Camshaft phase shifting mechanisms that vary the rotational angle position of a camshaft relative to a crankshaft of an internal combustion engine using pressurized hydraulic fluid to control a rotary actuator, typically using engine oil supplied by the oil pump, are known. However, such hydraulically actuated phasers can have a high oil demand, and the performance can vary depending upon the temperature of the engine oil. Further, such systems require oil flow control valves and complex passages for leading the pressurized hydraulic fluid from the engine oil supply to the rotating, hydraulically actuated camshaft phasing assembly.
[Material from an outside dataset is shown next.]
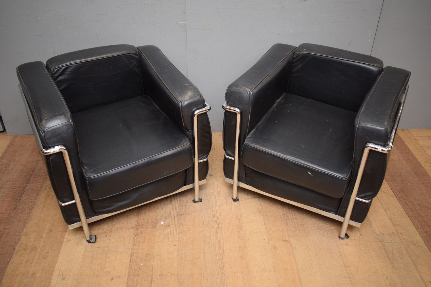 PAIR OF LEATHER & CHROME ARMCHAIRS IN THE STYLE OF LE CORBUSIER (A/F) (67H x 76W x 73D CM) (LEONARD JOEL DELIVERY SIZE: LARGE)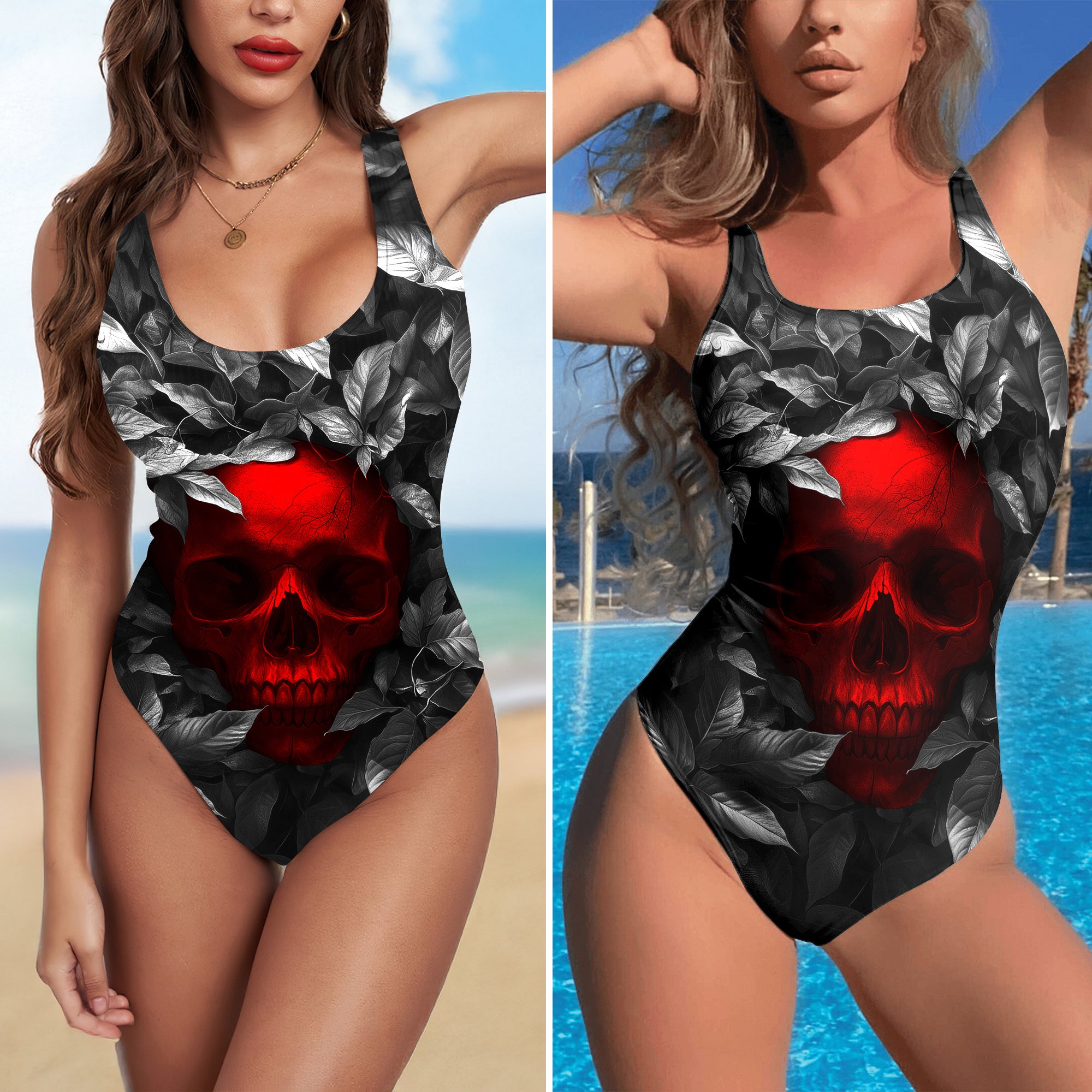 • Vibrant Colors: The swimsuit features a blazing inferno red skull that contrasts fiercely with the surrounding black-and-white leaf pattern

In order to address the shortcomings of such pressurized hydraulic fluid actuated camshaft phasing assemblies, it has also been proposed to use a closed hydraulic circuit in an engine camshaft phaser in which the hydraulic circuit employs a magneto-rheological fluid as a hydraulic pressure medium. This is disclosed in PCT/GB02/05464. In this disclosure, a camshaft phaser is provided having a rotor attached to the camshaft and a stator connected to the crankshaft via a timing chain and gear. Hydraulic working chambers are located on opposing sides of two vanes which extend from the rotor into working chambers defined in the stator. The magneto-rheological fluid flows freely between the chambers via passages which connect opposing chambers. The flow of the magneto-rheological fluid through the passage is controlled by the selective application of a magnetic field.
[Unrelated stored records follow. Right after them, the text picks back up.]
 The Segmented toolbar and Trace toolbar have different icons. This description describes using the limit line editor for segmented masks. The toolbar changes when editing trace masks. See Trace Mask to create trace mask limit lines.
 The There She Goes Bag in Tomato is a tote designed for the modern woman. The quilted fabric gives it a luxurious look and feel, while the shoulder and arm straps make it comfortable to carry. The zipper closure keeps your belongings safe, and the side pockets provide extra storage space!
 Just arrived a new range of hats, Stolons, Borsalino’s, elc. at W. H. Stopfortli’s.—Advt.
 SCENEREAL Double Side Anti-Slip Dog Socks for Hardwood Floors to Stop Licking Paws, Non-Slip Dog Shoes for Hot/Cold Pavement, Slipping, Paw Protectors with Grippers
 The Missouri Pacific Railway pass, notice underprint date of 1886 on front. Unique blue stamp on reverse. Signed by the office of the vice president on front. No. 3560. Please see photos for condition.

Magneto-rheological fluids are materials that respond to an applied magnetic field with a change in their properties. In this case, the application of a magnetic field causes the magneto-rheological fluid to increase greatly in viscosity to a virtual solid state. Magneto-rheological fluids have a very fast response time and their flow properties change within milliseconds of application or removal of the magnetic field. One example is MRF-122EG from Lord Corp.
In the case of a camshaft phaser, as the rotor, which is typically connected with the camshaft, fluctuates in position relative to the stator within a defined rotational angle based on the travel available to the vanes in the working chambers, when a desired position is achieved, the electromagnet is actuated and the position of the rotor is hydraulically locked relative to the stator due to the passage between the chambers being blocked by the change of state of the magneto-rheological fluid in response to the magnetic force being applied.
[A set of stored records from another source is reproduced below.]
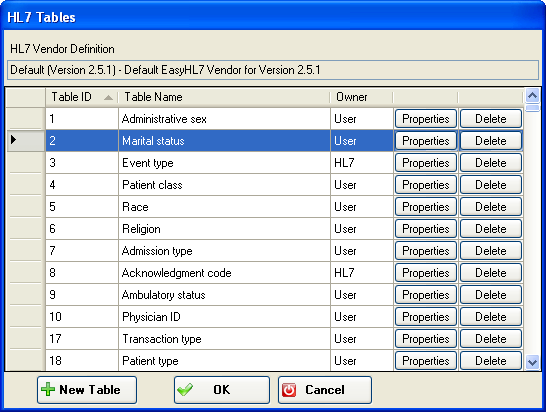Step 2. In the Tools menu of the Vendor Management window select View / Edit HL7 Internal Tables. This will open up the HL7 Tables window. Either scroll to and select the table you wish to edit and click the Properties button or click the New Table button to create a new internal table.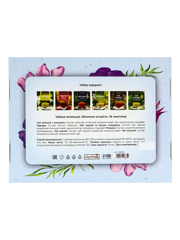 Эта коллекция станет замечательным подарком для любителей чая и прекрасным дополнением к вашему собственному запасу. Подарите себе и своим близким моменты весеннего вдохновения и радости с чайной коллекцией "Весеннее ассорти" и наслаждайтесь каждым глотком в это прекрасное время года!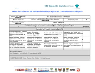 El documento presenta una matriz de valoración del portafolio interactivo digital (PID) y un planificador de proyecto en el contexto del programa de formación en educación digital. Se evalúa la estructura, integración de evidencias y claridad en la presentación de actividades del portafolio, atribuyendo puntajes según varios criterios. Se incluyen recomendaciones específicas para mejorar el proyecto y menciones de pares académicos que participan en la evaluación.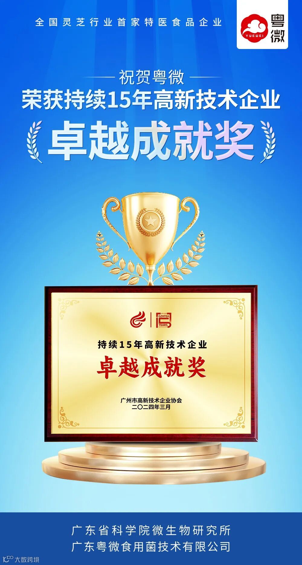 “持续15年国家高新技术企业——卓越成就”的授予,这不仅是对粤微过往卓越技术、创新能力、稳健发展态势和突出社会贡献的认可,更是对其未来蓬勃发展的期待。作为第一家获得特医食品批文的灵芝企业,粤微仍将基于国家战略的需求,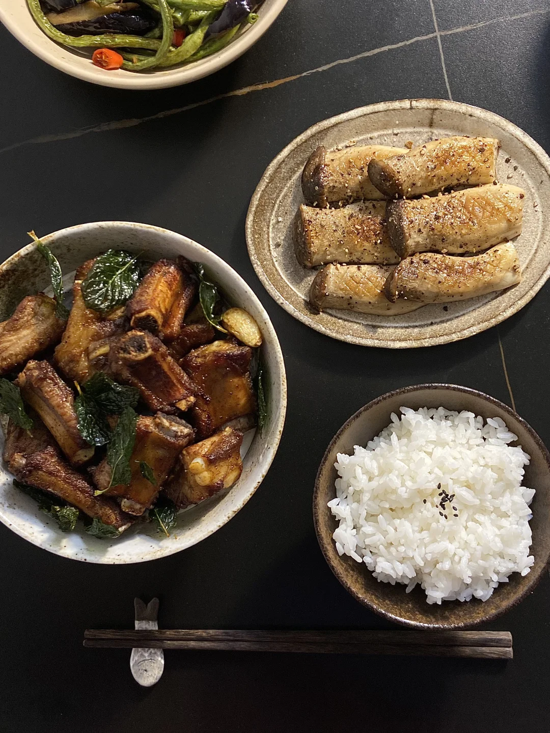 4)最后把薄荷、干辣椒、蒜瓣放在排骨上开吃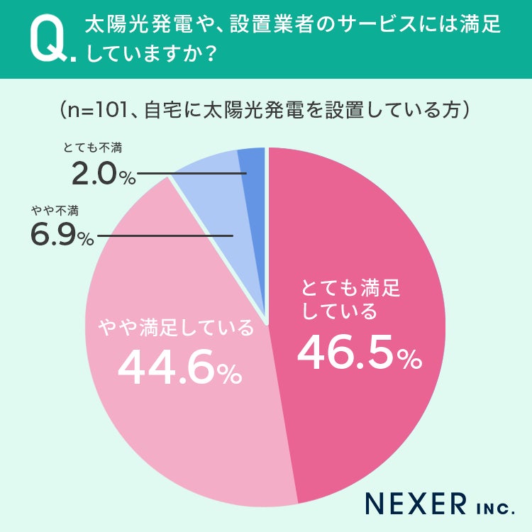 さらに、太陽光発電や設置業者のサービスには満足しているか聞いてみました。
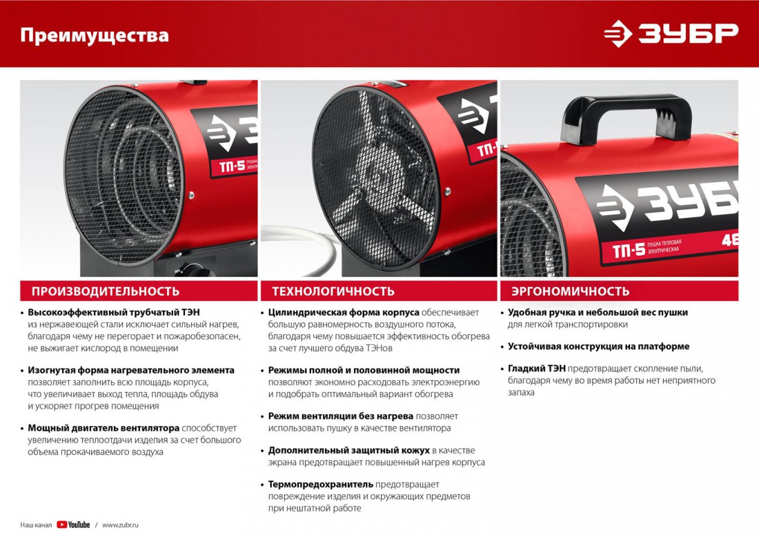 Тепловая пушка электрическая Зубр 5 кВт ТП-5 купить в Сургуте по оптовой цене в интернет магазине СтройПлатформа. Электрическая тепловая пушка ЗУБР ТП-5 предназначена для обогрева, просушки и поддержания комфортной температуры в помещениях различного назначения — жилых, бытовых и производственных. Компактный корпус и малая масса делают прибор удобным для перемещения и эксплуатации в гараже, мастерской, на складе или даче.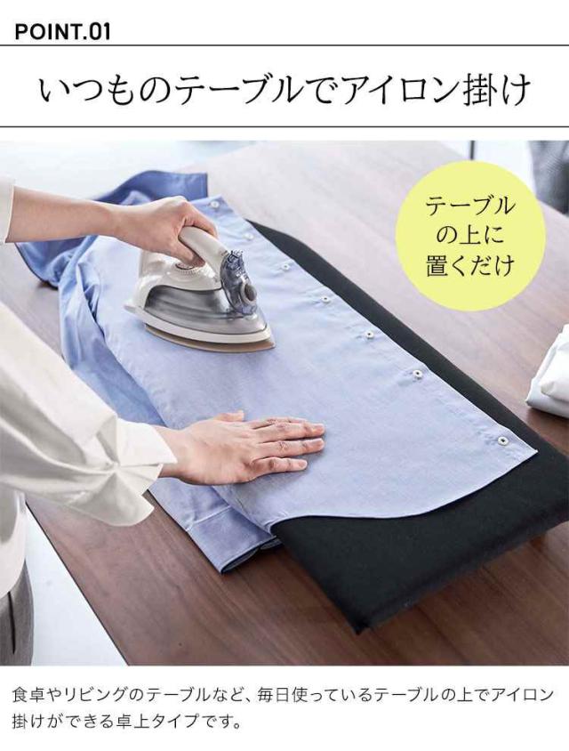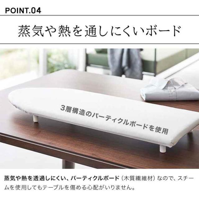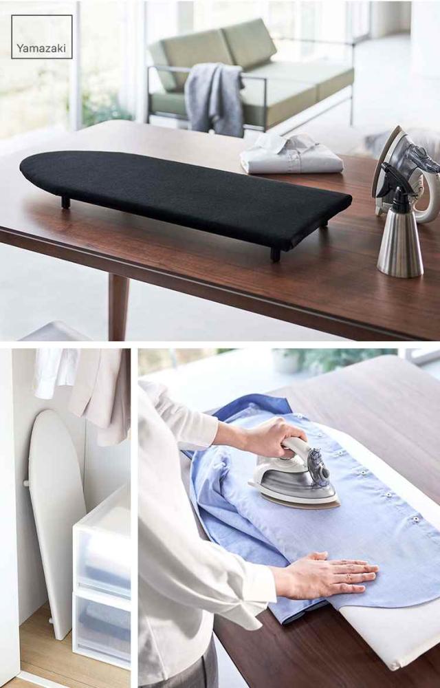 脚付きになり卓上でもスチームアイロンが使えて便利◎アイロン掛けがしやすい舟型タイプのtowerの卓上脚付きアイロン台。 3層構造のパーティクルボード(木材の細片やチップを固めて作った板)を採用したことで蒸気や熱を透過させず、スチームを使用してもテーブルを傷める心配がいりません。脚裏には滑り止めも付いているので安定感もしっかりあります。使用しない時は、ちょっとした隙間に入れ込んで収納できる薄型なのも嬉しいポイントです。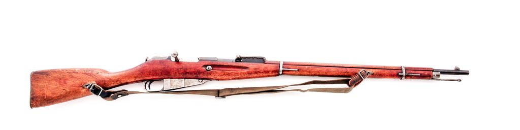 Russian Model 1891 Type Mosin-Nagant Bolt Action Rifle, #31176, 7.62x54R cal., 29.7'' barrel, blued finish, hardwood stock, unprotected blade front sight and adjustable leaf curved rear sight. Stamped on receiver ring with Czarist crest over two-line Cyrillic script over ''1905'' over an early Izhevsk Arsenal mark. Finnish ''SA'' property stamp on left side. There is also an intact czarist crest on the chamber flat of the hexagonal receiver. Mismatched numbers, most small parts stamped with early Izhevsk arsenal stamps. Includes cleaning rod and very good condition Finnish ''SA'' stamped cotton and leather sling. Condition overall is very good with approx. 50% bluing remaining on metal surfaces, fading and bright in some areas. There is a crack in the handguard behind the rear band, otherwise the wood is very good with roughness on the right side butt and overall dents and handling marks. Action is smooth, bright bore is very good+. No visible import stamps. Est.: $250-$400. (C&R)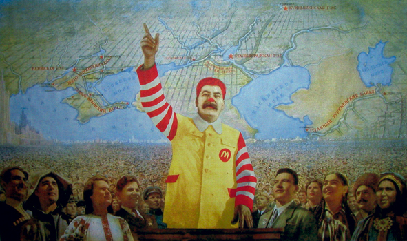 Säkerhetsvakter med öronsnäckor, souvenirförsäljare, högar med skräp, feta hamburgare, moln av cigarettrök, Coca-Cola, Budweiser och tusentals människor som rusar igenom dörrarna. Välkomna till ESF, European Social Forum, 2004.

DE 102 33 044 A1 also discloses a magneto-rheological fluid actuated camshaft adjuster in which passages between the working chambers are provided via openings defined through the vanes of the rotor. However, in these known prior art devices, it is necessary to provide current to the electromagnet as it rotates with the camshaft adjuster. Further, these prior art solutions change from a low viscosity fluid state when no electromagnetic force is applied to a nearly solid state when the electromagnetic force is applied, making controlled shifting of the phase position of the camshaft relative to the crankshaft more complicated.